- **SOURCE MATERIAL**:
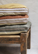 This Cotton mattress brings calm, grounded colour to any space with its warm rust and neutral sand palette. Double-sided mattress in warm rust and neutral sand. The striped contrast piping separates the two sides and evokes traditional Danish folk textiles. Sized to fit several pieces in the collection, but can also be used directly on the floor or terrace. Removable polyester filling. Crafted in India, it offers a relaxed, informal place to sit or lie down, whether layered on furniture or styled as a standalone piece.Made from durable, fully dyed cotton that has been treated to resist fading and colour run during washing, it features a concealed zip for easy removal
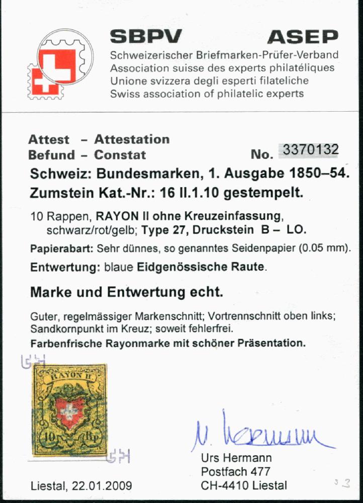 | Prüfer: | Hermann, Urs (SBPV / ASEP (Schweizerischer Briefmarken-Prüfer-Verband)) |
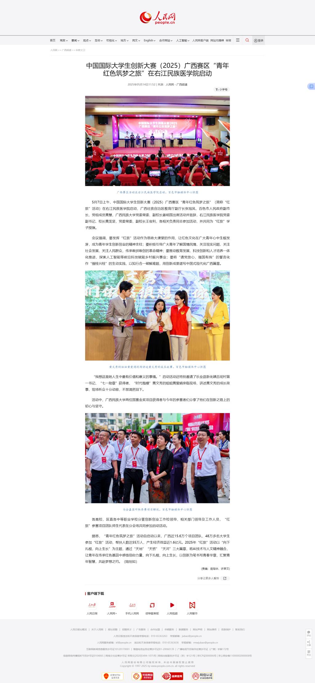 5月14日,人民网以《中国国际大学生创新大赛(2025)广西赛区“青年红色筑梦之旅”在Beat365官方网站启动》为题,报道中国国际大学生创新大赛(2025)广西赛区“青年红色筑梦之旅”活动在Beat365官网启动的盛况。
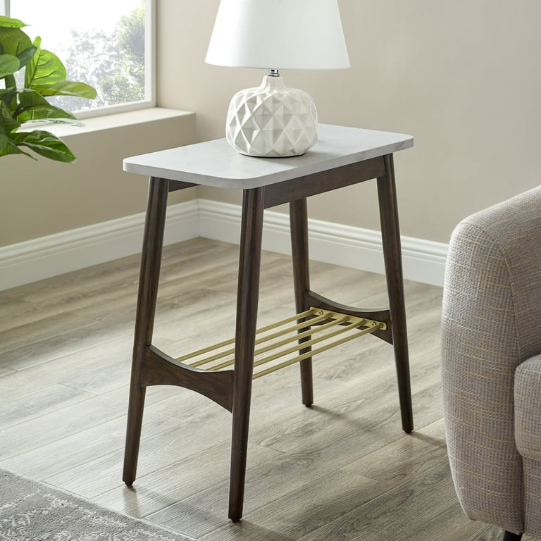 Manor Park Mid Century Modern End Table White Faux Marble Brown Oak Very well made.

- **AIM OF THE EXERCISE**: Print exactly the line containing "5月14日,人民网以《中国国" and every line after it through the final line above, and leave all pictures out.

- **TASK ANSWER**:
 5月14日,人民网以《中国国际大学生创新大赛(2025)广西赛区“青年红色筑梦之旅”在Beat365官方网站启动》为题,报道中国国际大学生创新大赛(2025)广西赛区“青年红色筑梦之旅”活动在Beat365官网启动的盛况。
 Manor Park Mid Century Modern End Table White Faux Marble Brown Oak Very well made.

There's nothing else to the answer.